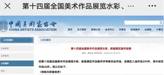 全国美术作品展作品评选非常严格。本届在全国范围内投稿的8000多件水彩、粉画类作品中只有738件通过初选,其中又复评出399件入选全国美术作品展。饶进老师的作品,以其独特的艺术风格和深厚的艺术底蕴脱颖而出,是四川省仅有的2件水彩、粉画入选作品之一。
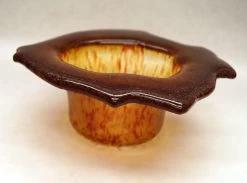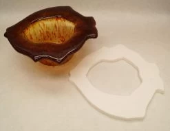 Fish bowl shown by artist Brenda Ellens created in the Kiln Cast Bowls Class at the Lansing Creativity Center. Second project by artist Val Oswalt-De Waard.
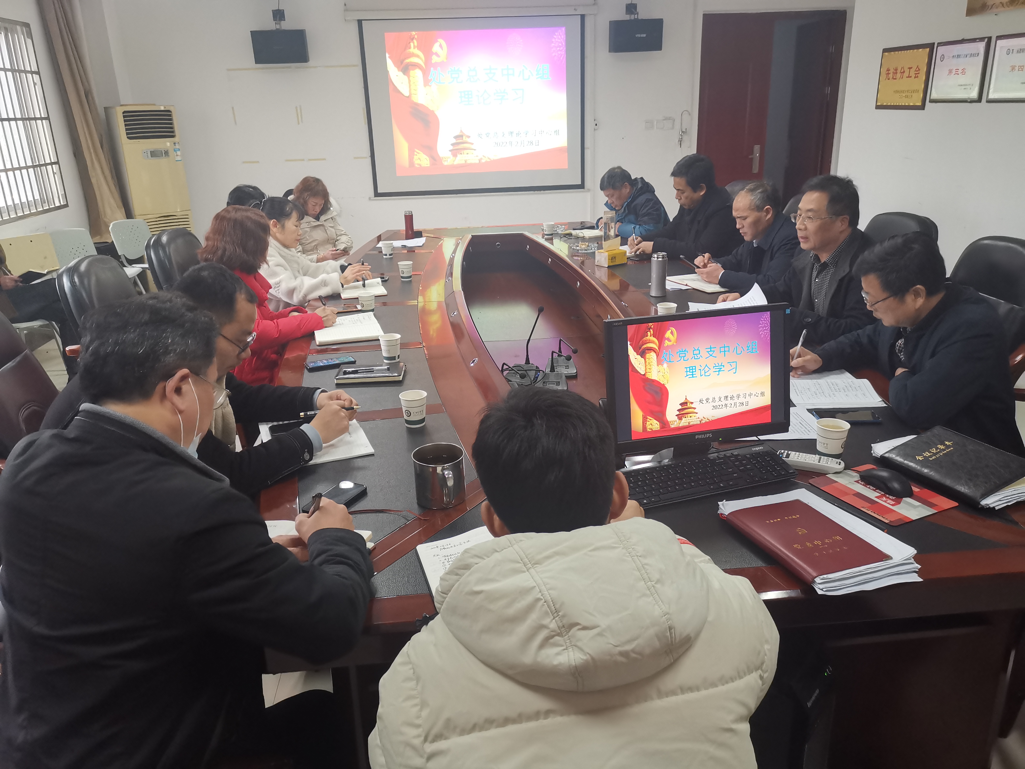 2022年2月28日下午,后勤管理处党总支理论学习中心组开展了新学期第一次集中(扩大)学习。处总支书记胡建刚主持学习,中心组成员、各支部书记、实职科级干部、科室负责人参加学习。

————

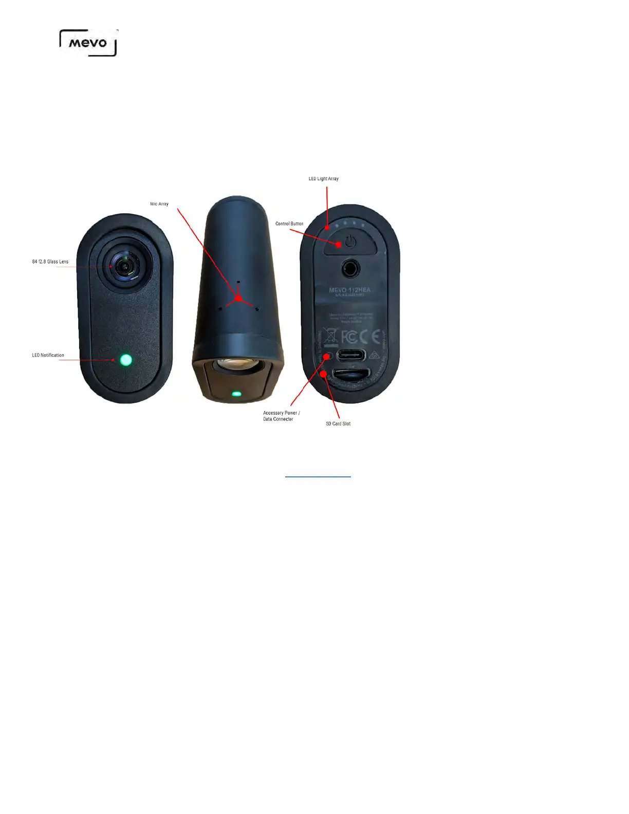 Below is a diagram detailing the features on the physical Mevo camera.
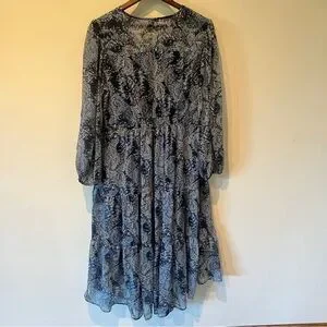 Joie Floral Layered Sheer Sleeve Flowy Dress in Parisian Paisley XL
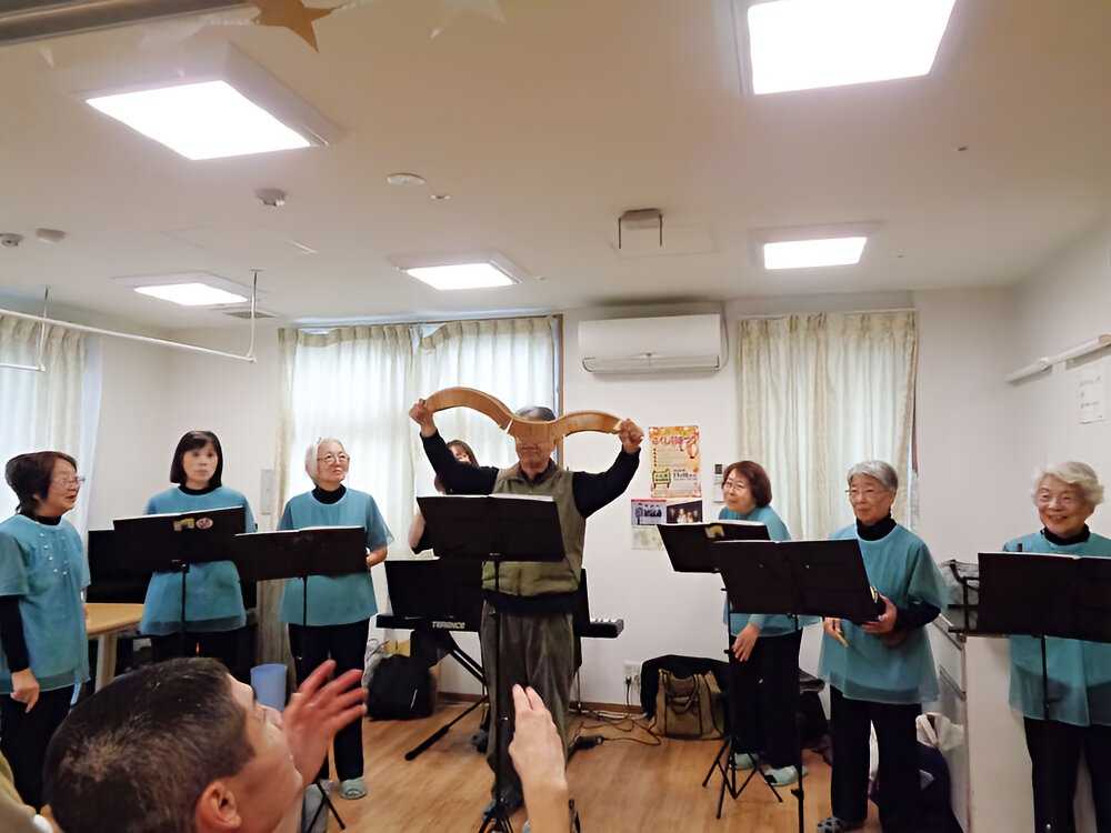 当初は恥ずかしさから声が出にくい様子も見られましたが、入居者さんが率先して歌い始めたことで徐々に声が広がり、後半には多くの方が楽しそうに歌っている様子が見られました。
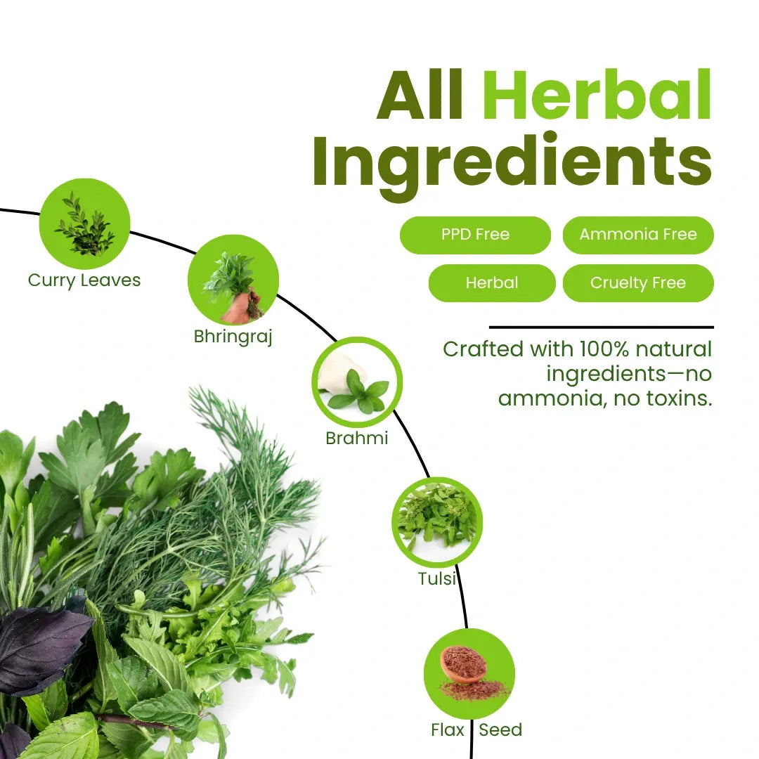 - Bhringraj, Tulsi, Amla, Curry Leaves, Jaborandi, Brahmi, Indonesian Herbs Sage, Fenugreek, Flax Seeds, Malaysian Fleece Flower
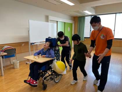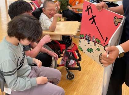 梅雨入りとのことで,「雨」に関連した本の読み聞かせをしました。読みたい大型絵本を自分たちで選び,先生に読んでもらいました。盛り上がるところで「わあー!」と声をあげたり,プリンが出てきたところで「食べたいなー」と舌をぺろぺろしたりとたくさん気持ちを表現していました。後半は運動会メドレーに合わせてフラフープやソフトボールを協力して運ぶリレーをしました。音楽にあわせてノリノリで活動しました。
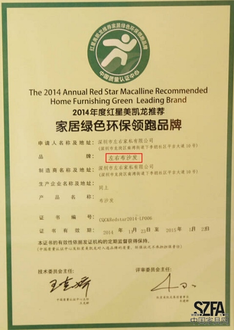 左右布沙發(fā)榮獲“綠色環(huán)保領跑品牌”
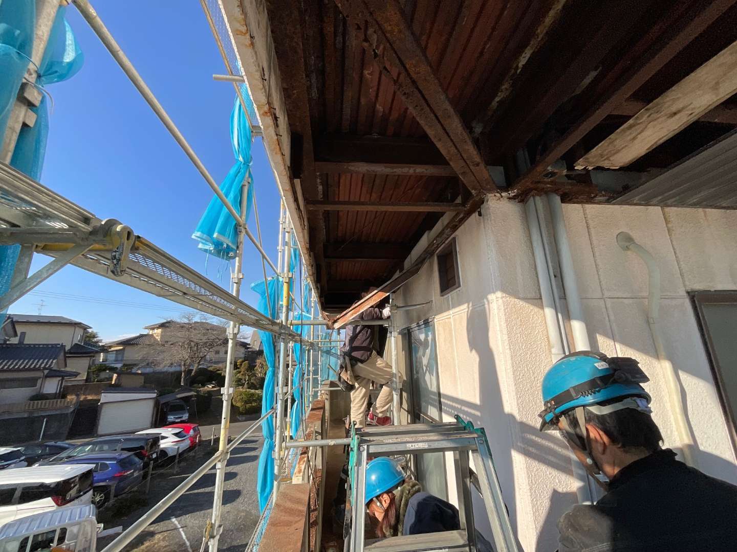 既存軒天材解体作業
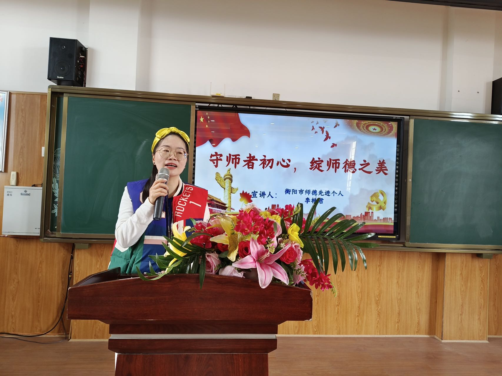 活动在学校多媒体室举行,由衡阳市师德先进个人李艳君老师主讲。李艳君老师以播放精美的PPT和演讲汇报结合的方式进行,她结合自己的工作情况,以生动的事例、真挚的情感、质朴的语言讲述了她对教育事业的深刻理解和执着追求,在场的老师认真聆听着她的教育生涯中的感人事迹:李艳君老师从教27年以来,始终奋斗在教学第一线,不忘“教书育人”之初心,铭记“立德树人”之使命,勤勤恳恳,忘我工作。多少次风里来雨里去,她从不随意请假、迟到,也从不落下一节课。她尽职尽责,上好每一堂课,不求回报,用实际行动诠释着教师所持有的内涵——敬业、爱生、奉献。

————

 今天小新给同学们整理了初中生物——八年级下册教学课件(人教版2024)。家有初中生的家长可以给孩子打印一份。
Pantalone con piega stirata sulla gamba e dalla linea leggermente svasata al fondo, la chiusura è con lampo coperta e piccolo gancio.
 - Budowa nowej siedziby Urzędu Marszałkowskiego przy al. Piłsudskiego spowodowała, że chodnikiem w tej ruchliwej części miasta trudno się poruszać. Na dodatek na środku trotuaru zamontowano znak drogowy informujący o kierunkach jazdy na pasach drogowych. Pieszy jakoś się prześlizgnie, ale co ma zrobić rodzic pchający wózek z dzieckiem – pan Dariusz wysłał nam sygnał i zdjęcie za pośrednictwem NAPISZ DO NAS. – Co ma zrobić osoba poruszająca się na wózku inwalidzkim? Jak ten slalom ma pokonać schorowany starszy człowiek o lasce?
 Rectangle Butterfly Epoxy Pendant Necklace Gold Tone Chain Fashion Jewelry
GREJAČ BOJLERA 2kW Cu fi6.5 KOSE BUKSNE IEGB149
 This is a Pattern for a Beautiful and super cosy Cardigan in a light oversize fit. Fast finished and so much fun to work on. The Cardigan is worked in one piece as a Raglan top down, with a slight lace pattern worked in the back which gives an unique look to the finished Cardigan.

————

**EXERCISE GOAL:** Out of the material above, output word for word the line with "今天小新给同学们整理了初中生", the line with "GREJAČ BOJLERA 2kW", and all lines between them, with nothing else.

**EXERCISE RESULT:**
 今天小新给同学们整理了初中生物——八年级下册教学课件(人教版2024)。家有初中生的家长可以给孩子打印一份。
Pantalone con piega stirata sulla gamba e dalla linea leggermente svasata al fondo, la chiusura è con lampo coperta e piccolo gancio.
 - Budowa nowej siedziby Urzędu Marszałkowskiego przy al. Piłsudskiego spowodowała, że chodnikiem w tej ruchliwej części miasta trudno się poruszać. Na dodatek na środku trotuaru zamontowano znak drogowy informujący o kierunkach jazdy na pasach drogowych. Pieszy jakoś się prześlizgnie, ale co ma zrobić rodzic pchający wózek z dzieckiem – pan Dariusz wysłał nam sygnał i zdjęcie za pośrednictwem NAPISZ DO NAS. – Co ma zrobić osoba poruszająca się na wózku inwalidzkim? Jak ten slalom ma pokonać schorowany starszy człowiek o lasce?
 Rectangle Butterfly Epoxy Pendant Necklace Gold Tone Chain Fashion Jewelry
GREJAČ BOJLERA 2kW Cu fi6.5 KOSE BUKSNE IEGB149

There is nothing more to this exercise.